New diagnostic tool promises ultrasensitive detection

Lynes image

     When doctors order lab tests to diagnose diseases, they want fast, reliable results using a small sample for patient comfort. This requires a highly sensitive device that processes many samples at once. A new technology being developed by Prof. Michael Lynes and his partner, Ciencia of East Hartford, promises to provide doctors with swift, sensitive detection of disease indicators in small clinical samples.


     Lynes and Ciencia recently won 3 grants totaling about $600,000 from NIH Small Business Innovation Research programs to continue developing their grating coupled surface plasmon resonance (GC-SPR) devices to increase their sensitivities to toxins and pathogens. These Phase I grants allow them to develop prototype GC-SPR devices so they can apply later for Phase II funds for field-tests.

T cells bound to 4 sites on a GC-SPR sensor


 Lynes’ GC-SPR devices detect analytes (molecules, pathogens or mammalian cells) in fluids by passing those fluids over a surface coated with antibodies that bind them.  Analytes can be toxins or even whole cells with molecules on their surfaces that are recognized by the antibodies. A major challenge is to improve the GC-SPR devices’ sensitivity. "When you get down to those levels of detection, the signal to noise ratio can be improved by fixing noise," Lynes said. To remove the noise, the team employs small gold beads called nanobeads. The nanobeads are coated with the desired analyte and enhance its binding to the antibodies (the signal) while inhibiting binding by non-analytes (the noise).

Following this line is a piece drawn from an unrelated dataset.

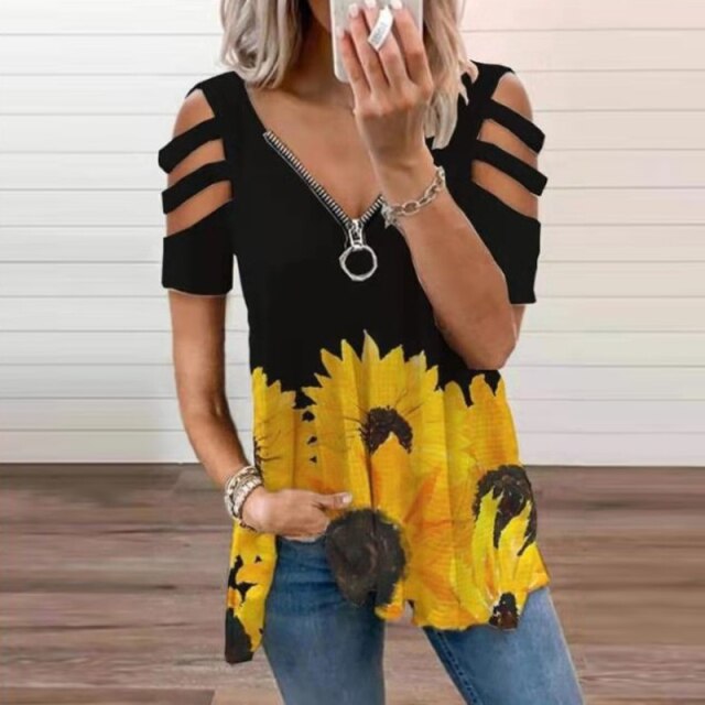 Women Strapless V Neck Print Sexy Deep Low Cut Tops Blouse Shirt Out Zipper Short Sleeve Casual Pullover Summer Plus Size Blusa

     Pathogens that infect mice are a major problem in colonies kept for research. Detecting pathogens living with other microbes in “polymicrobial” infections is an important application of GC-SPR. Lynes is working in this area with long-time collaborators at The Jackson Laboratory, recent partners with UConn on the Center for Genomic Medicine now under construction in Farmington. “There are polymicrobial infections in research collections that are very difficult to identify," Lynes said. "It is hard to know which mice to test." Lynes’ method promises to detect as few as 30 bacterial cells in a milliliter of sample. A rapid test using small samples would allow caretakers to identify and remove only infected mice and not eliminate the entire colony as is often necessary now. Once developed, this technology may be used for human diagnoses where its lower cost per assay will make routine surveillance commonplace.

Lynes Michael photo



     One grant allows Lynes and his collaborators to devise a GC-SPR method to detect the earliest development of Type 1 diabetes. Type 1 diabetes, sometimes called juvenile diabetes, results when the T cells in a person’s immune system incorrectly create an immune response to the islet cells needed to make insulin and in so doing destroy them. Current methods to identify these “autoreactive” T cells are slow and require large clinical samples, a drawback when testing children.


     Lynes’ GC-SPR device will attempt to detect these autoreactive T cells in clinical samples and test them to see if they are active in beginning to elicit the destructive immune response. Lynes asks, "Is the reason that a non-diabetic doesn't develop symptoms, yet has those cells, because the cells have somehow been turned off or is it because they have not yet encountered the right environmental stimulus to turn them on?" GC-SPR analysis might provide an answer and allow early detection of the disorder. Thus a doctor might "get in early enough to do a little bit of manipulation rather than give life-long injections of insulin or stem cells," Lynes said.


     Lynes’ GC-SPR technologies resulted from a decade collaboration with Ciencia and David Lawrence at the Wadsworth Center. Much of this work is covered under a broad patent awarded to Lynes and Dr. Salvador Fernandez, the late founder, President and CEO of Ciencia. Advances in GC-SPR clinical devices continue and promise to provide sensitive, high-throughput diagnostic tools.